多序列比对(Multiple sequence alignment, MSA)被广泛用于找出每个输入序列的进化关系以及每个对齐残基的功能或结构作用。传统上，MSA问题是通过以算法为中心的方法来解决的，这种方法应用了许多经典的计算机算法(如动态规划、分而治之算法等)和经过验证的策略(如渐进策略、非渐进策略、基于一致性的策略、迭代改进等)。不同的单算法MSA方法对不同的相似蛋白家族具有不同的准确性。因此，为了综合不同MSA方法的优点，我们提出了一种全新的以数据为中心的管道，利用卷积神经网络(CNN)[3]，针对不同的相似蛋白家族选择更好的MSA方法。MSA与二维图像非常相似，具有良好的层次结构。MSA中的保守区域和相应的保守列可以看作是图片中的框和线。众所周知，CNN在识别含有存在噪声的不完美图像方面非常出色，这意味着它可能在识别msa草案方面表现良好。
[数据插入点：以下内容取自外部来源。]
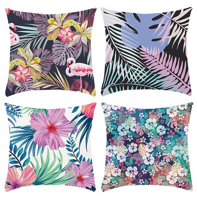 New Colorful Tropical Plant Print Flower Print Cushion Home Sofa Cushion Cover
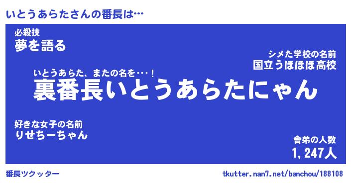 | 男性向けラノベタイトル風あだ名 | 『イトウアラタアートオンライン』 |
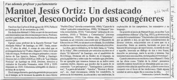 Manuel Jesús Ortiz, un destacado escritor, desconocido por sus congéneres [artículo] Carlos R. Ibacache.
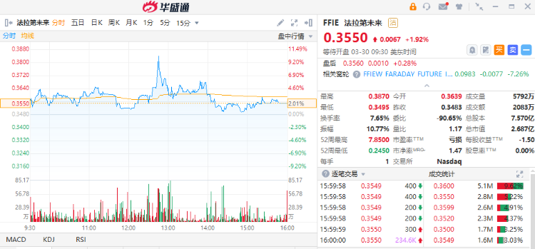 截至当地时间3月29日美股收盘,法拉第未来报0.355美元,涨幅1.92%,市值2.69亿美元。
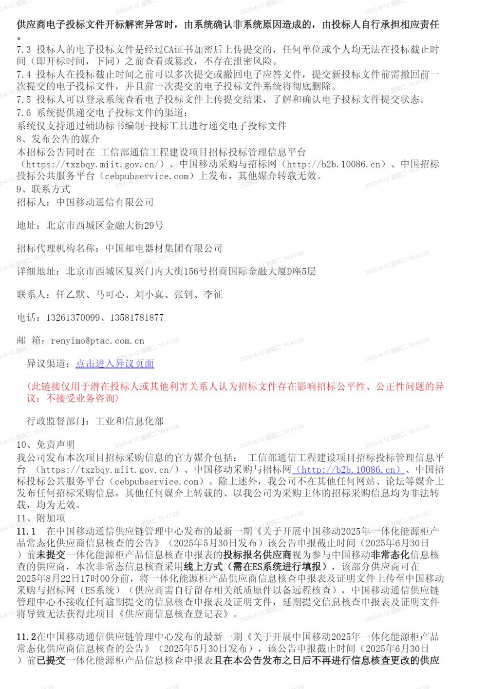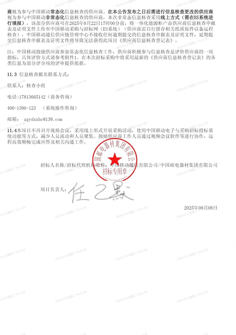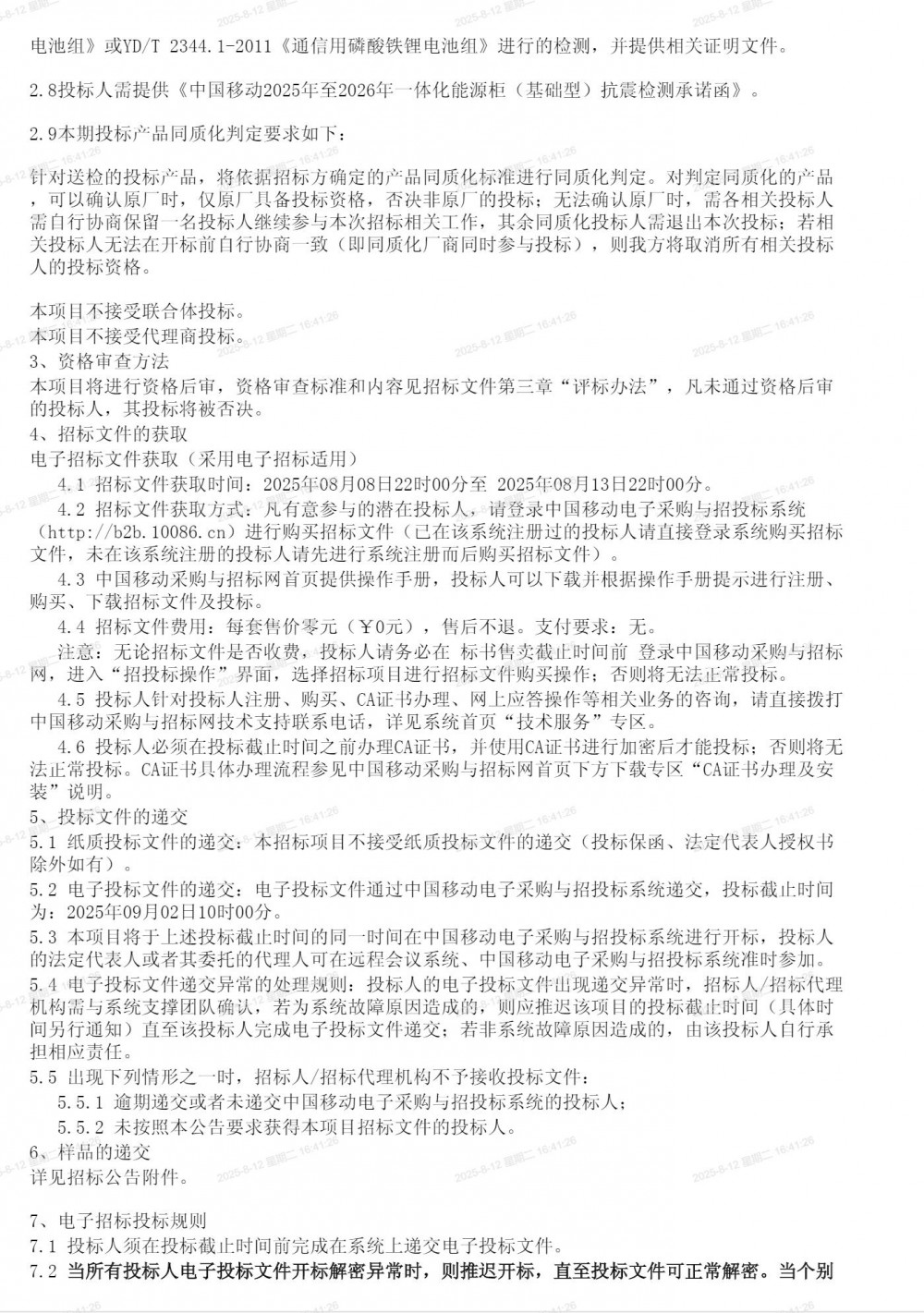 8月8日,中国移动发布2025-2026年能源柜集采招标,预估采购5000套基础型一体化能源柜。而且招标明确,将进行同质化判定,仅原厂具备投标资格。无法确认原厂时,需各相关投标人需自行协商保留一名投标人继续参与,其余同质化投标人需退出本次投标;若相关投标人无法在开标前自行协商一致,则中国移动将取消所有相关投标人的投标资格。

简单地说，该方法首先使用快速MSA方法，从蛋白质模拟工具INDELible生成的模拟蛋白家族中构建大规模草案MSA[1]。重点是通过CNN训练一个分类器，它使用MSA草案作为输入，并给出更好的MSA方法作为输出。在我们的研究中，我们模拟了超过64万个蛋白质家族，序列号从3到64不等。著名的MSA工具Mafft(FFT-NS-1)[2]的最快(但不准确)模式，其默认参数用于从这些族构建草稿MSA。我们将这些msa视为双色图像，一种颜色用于对齐残基，另一种颜色用于间隙。使用两层CNN和一个dropout为0.5的全连接层来训练决策模型。初步结果表明，最新版本的Mafft(L-INS-i)和Mafft(G-INS-i)在选择更好的对准溶液方面的分类准确率超过85%。目前，我们正在通过为蛋白质家族选择更好的类别和微调决策模型来提高该管道的性能。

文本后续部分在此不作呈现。